A Miami couple's suit on behalf of their daughter claims the limit discriminates against the most severely injured.
By Associated Press
Published August 31, 2004
MIAMI - Florida's caps on how much victims can collect in medical malpractice lawsuits are unfair and unconstitutional, a couple said Monday while filing a lawsuit that will serve as the first test of the new limits.
The law enacted last year limits a doctor's liability for noneconomic damages, such as for pain and suffering, to $500,000 in most medical malpractice cases. The law is aimed at controlling skyrocketing insurance rates for physicians.
But caps discriminate against the patients who are injured most by medical mistakes by limiting their compensation, said Neal Roth, a lawyer representing Federico and Sonia Berges, who allege that two doctors misdiagnosed their daughter's illness.
"What you are effectively doing is stripping a person of their constitutional right of access to the courts," Roth said.
A spokesman for the doctors named in the suit, Miami physicians Belleitha Lambkin-Alexander and Rozalyn Paschal, said he hadn't seen the complaint and didn't immediately have a comment.
But Lisette Gonzalez Mariner, a spokeswoman for the Florida Medical Association, which pushed for capping malpractice lawsuit damages, defended the new law.
While malpractice rates have continued to go up since its passage, the increase has been smaller than it otherwise would have been, Gonzalez Mariner said.
She said the organization expected a challenge to the new law and said trial lawyers need the prospect of large damages to make a living.
"This is their bread and butter," she said.
Insurance companies say rising damage awards have caused them to dramatically raise rates and doctors, particularly in high-risk specialties, have cut back their practices or quit.
Apart from having the limit on damages declared unconstitutional, the lawsuit filed Monday in state court in Miami seeks unspecified damages.

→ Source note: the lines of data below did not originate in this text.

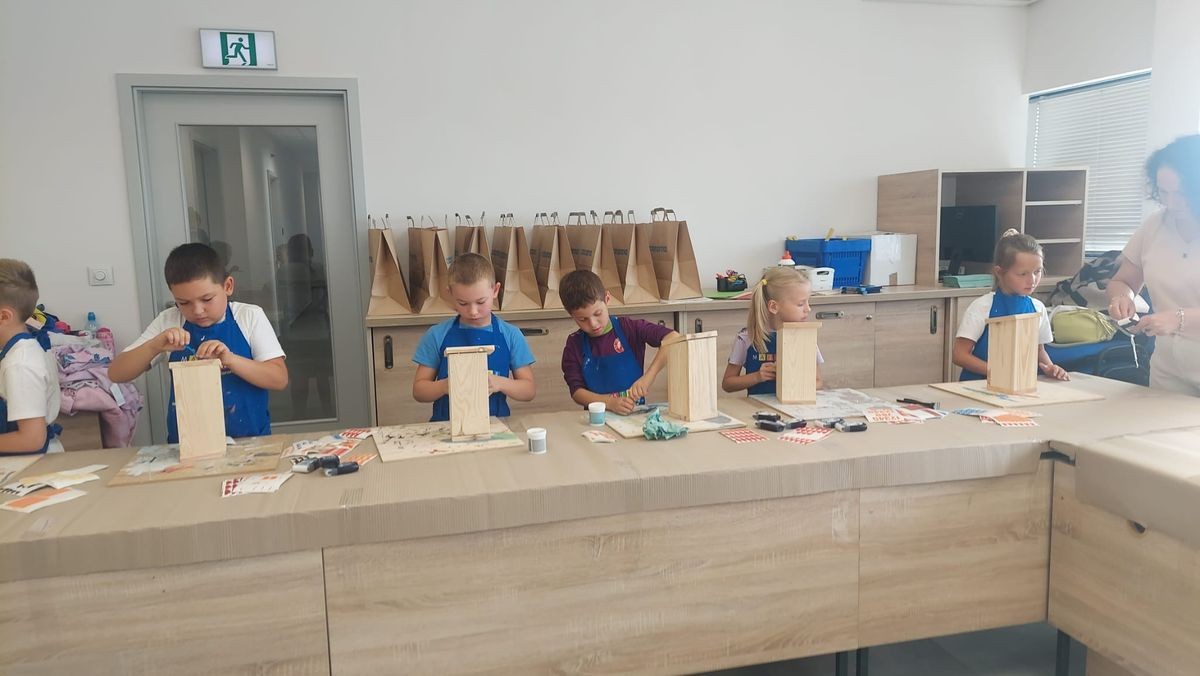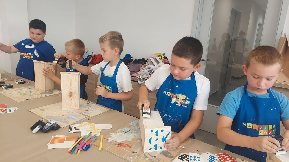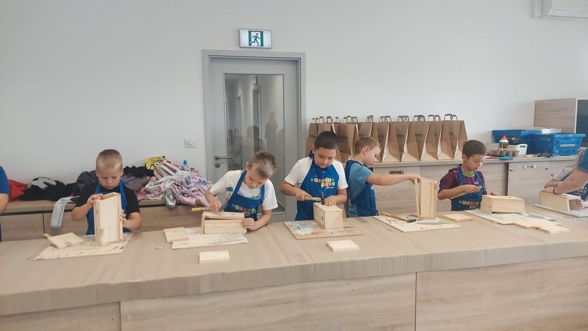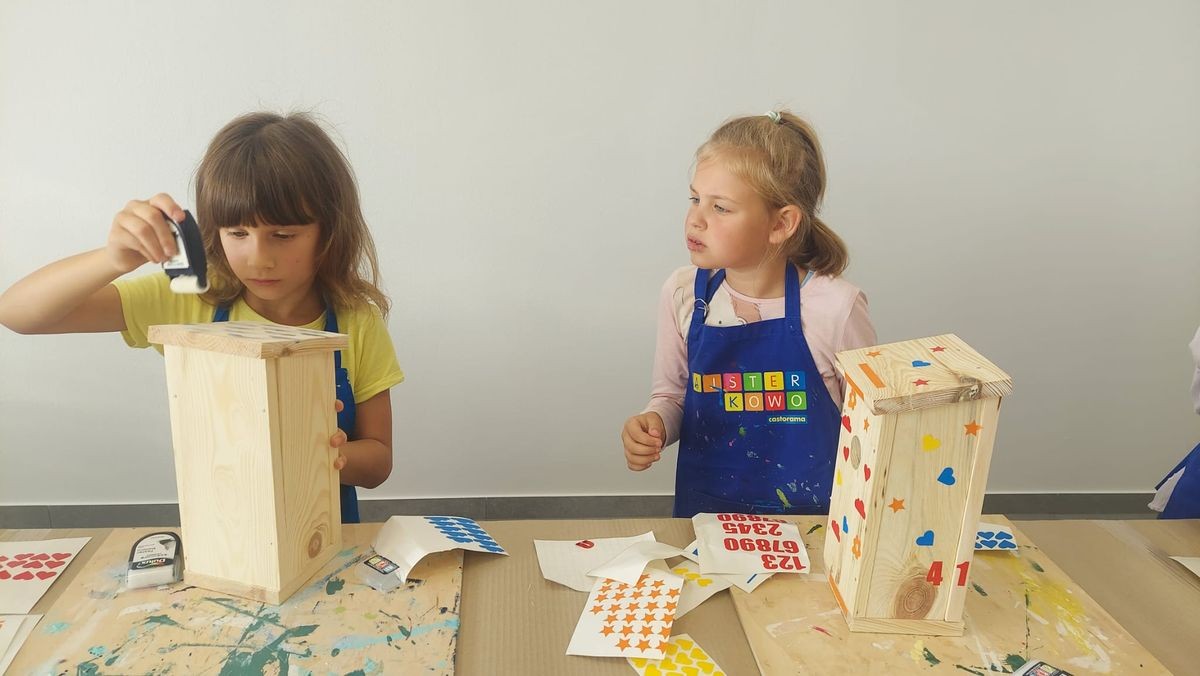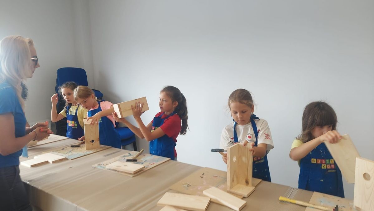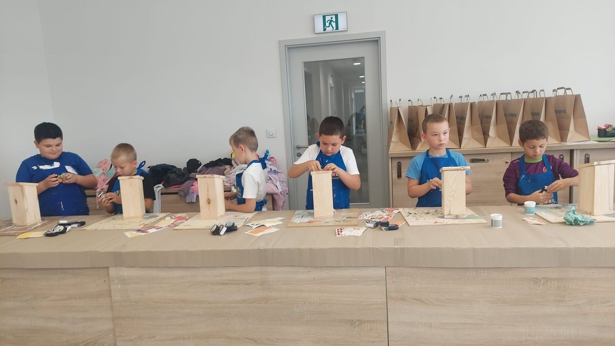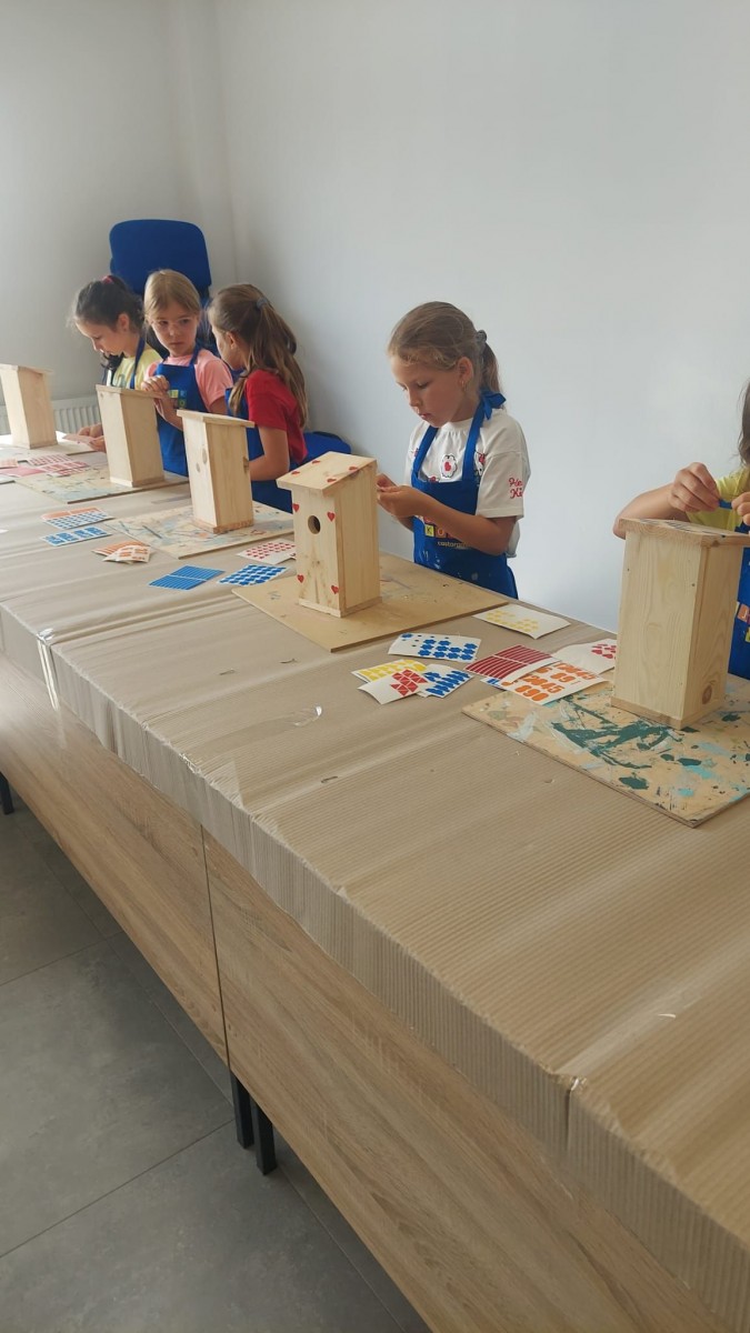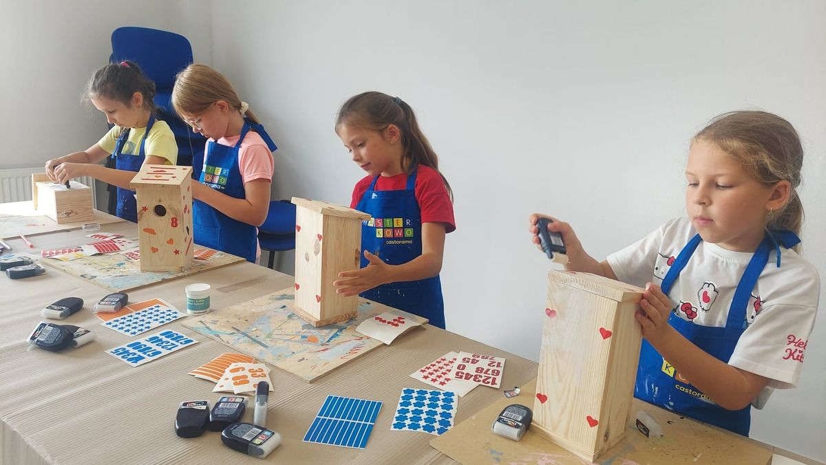 Zajęcia miały na celu rozwijanie kreatywności, zainteresowań majsterkowaniem, zdolności manualnych. Pobudzanie wyobraźni. Zwiększenie wiadomości z zakresu ekologii. Dzieci z ogromnym zaangażowaniem wykonały karmniki dla ptaków. Łączyły deseczki, wbijały gwoździe, a następnie ozdabiały, naklejały naklejki i malowały ścianki karmnika. Wszystkie prace wykonywały pod opieką p. E. Kwaśniewskiej i K. Majewskiej oraz pracowników Castoramy. Poznały główne działy sklepu Castorama.
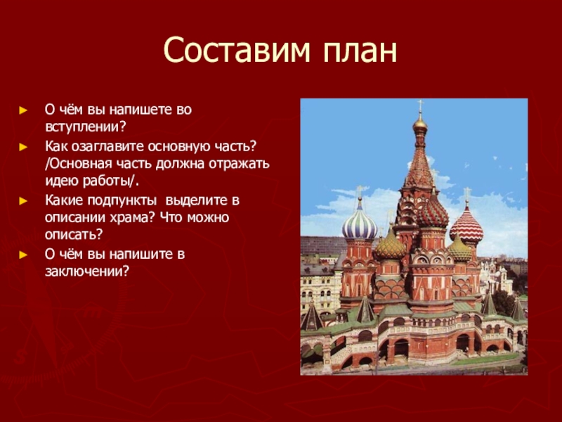 Какие подпункты выделите в описании храма? Что можно описать?
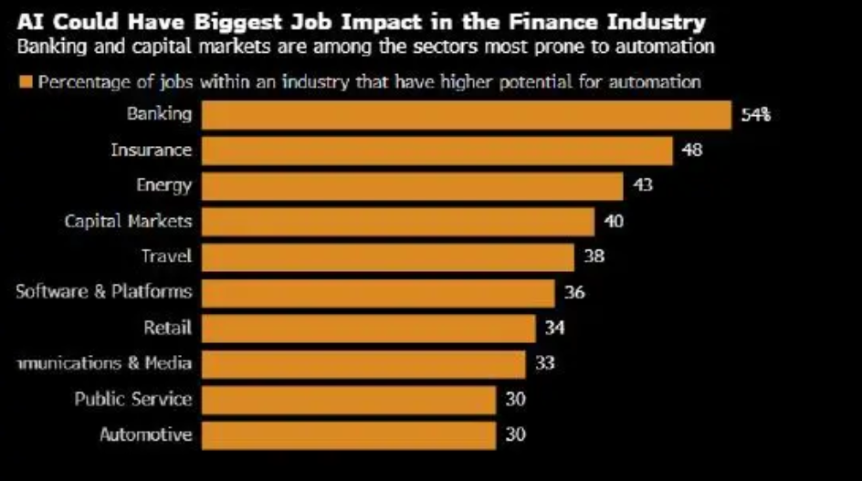 花旗表示,银行业被人工智能取代的工作岗位可能比其他任何行业都多,因为这项技术势将颠覆消费金融并提高员工的工作效率。
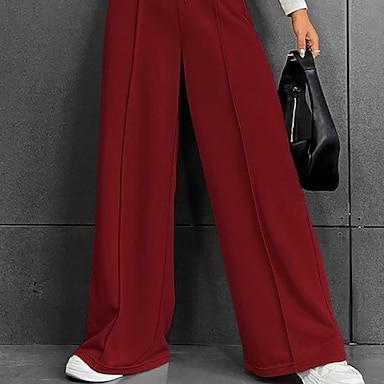 Femmes Jambe large Slacks Streetwear Occasionnel Longueur complète Naturel Uni Avec Poches Conception à cordon élastique Confortable Rue Tenue quotidienne Week-end Rouge bordeaux Abricot Jacinthe Noir
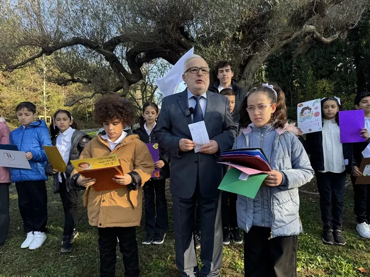 Çocuk Vakfı ile Sarıyer İlçe Milli Eğitim Müdürlüğünün “1. Çocuk Hakları Şiir Buluşması”na katılan öğrenciler 1000 yıllık zeytin ağacın önünde çocuk hakları temalı şiirleri okudu.
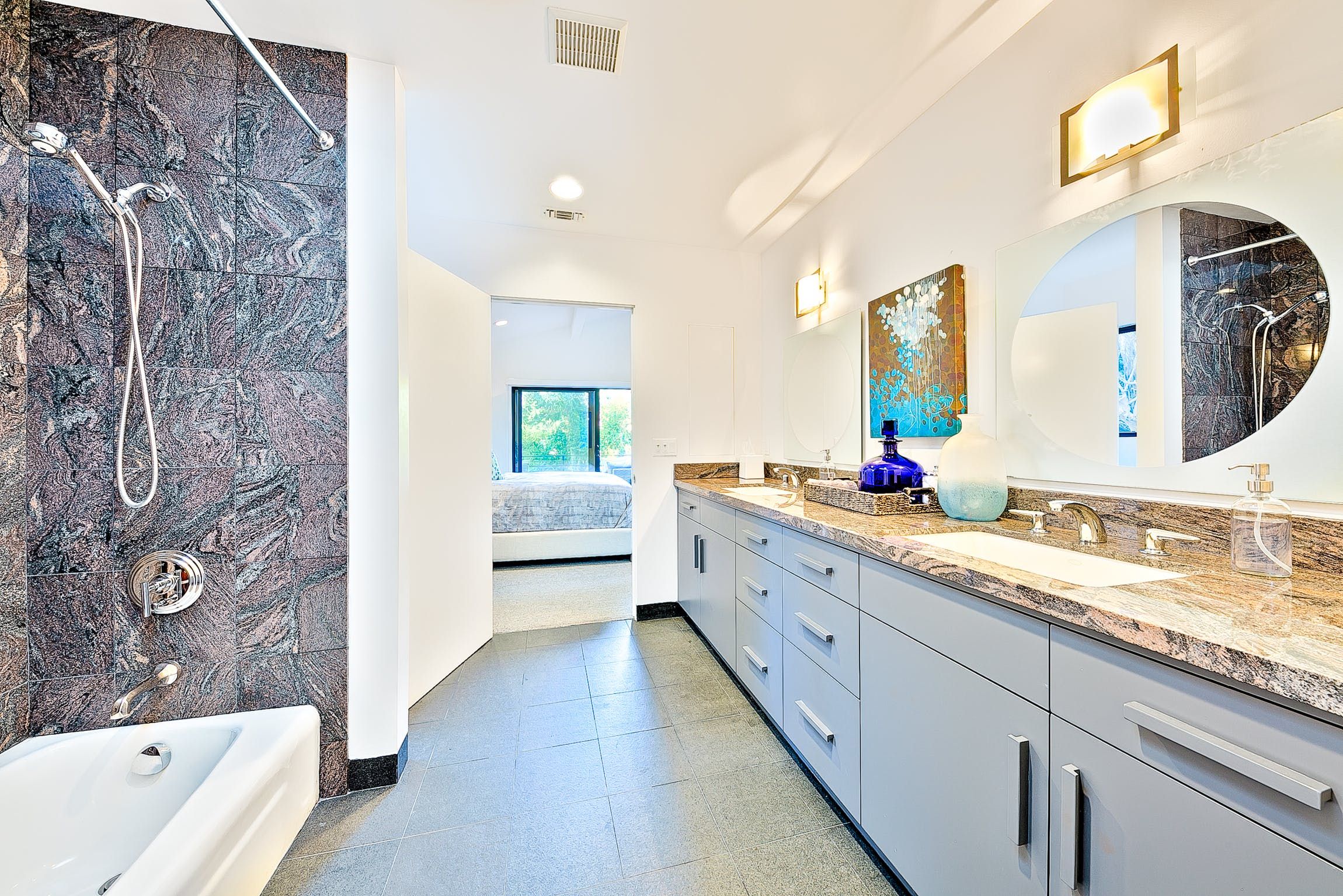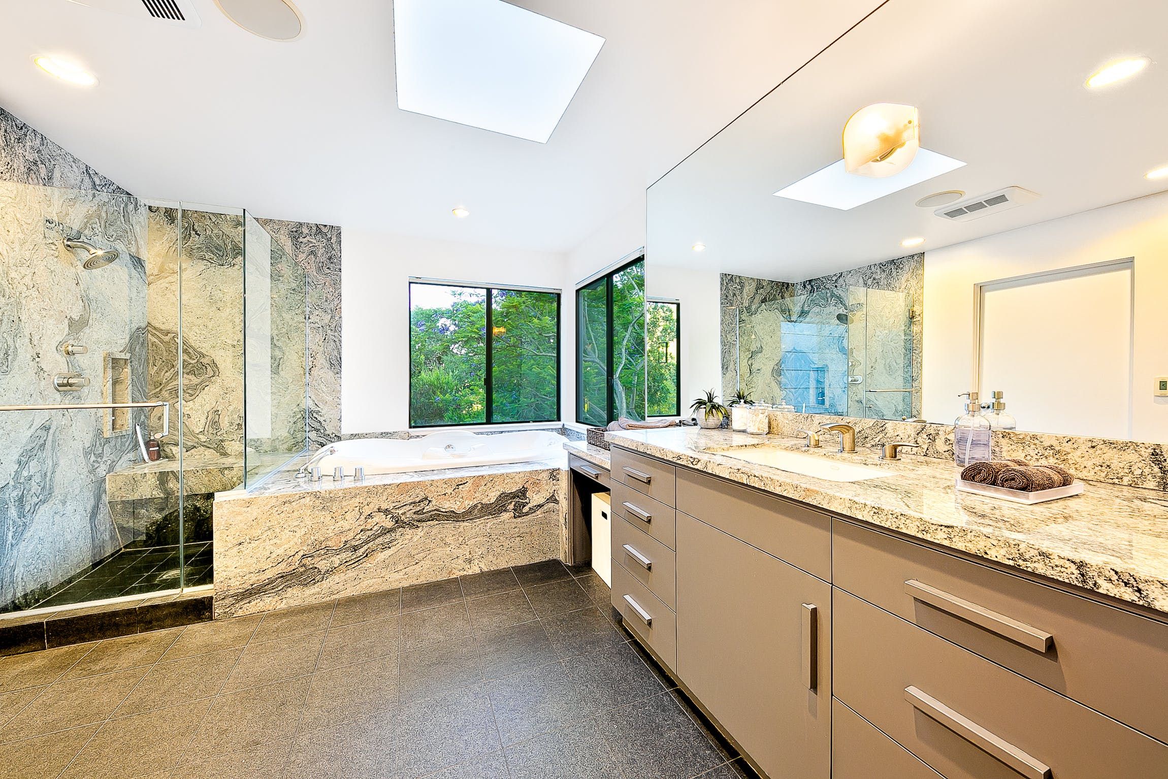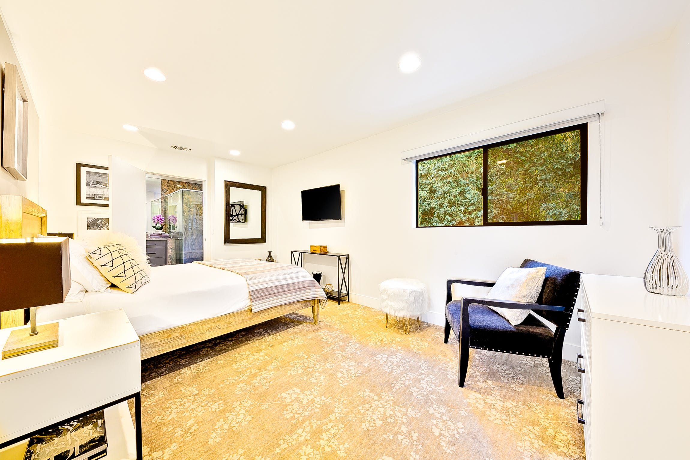 Located on a private hillside retreat, this fantastic home offers the tranquillity and privacy afforded by the greenery and trees that surround the garden while also being perfectly situated to explore Beverly Hills and the wider LA area. Wake up each morning and enjoy a coffee on the balcony overlooking the pool, or even take a seat at the bistro table beside the pool itself as you enjoy your breakfast.
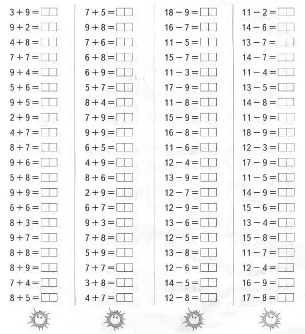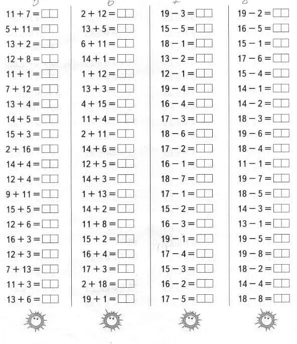 Сложение и вычитание в пределах 20

Doctors had treated the Berges' daughter Mariaelena for a cough and cold, but her symptoms got worse, the suit alleges. Her mother later took her to the hospital for continued symptoms and she eventually was seen by specialists who diagnosed Stevens Johnson Syndrome, a reaction to medication that can cause severe rashes, fever and swelling around the eyes that, if left untreated, can be fatal.
Mariaelena also suffered respiratory complications, as well as severe skin problems that have left her disfigured, the complaint alleged.
The girl "deserves to be compensated appropriately for the pain, suffering, disability and disfigurement she has suffered and will suffer for the rest of her life," Roth said.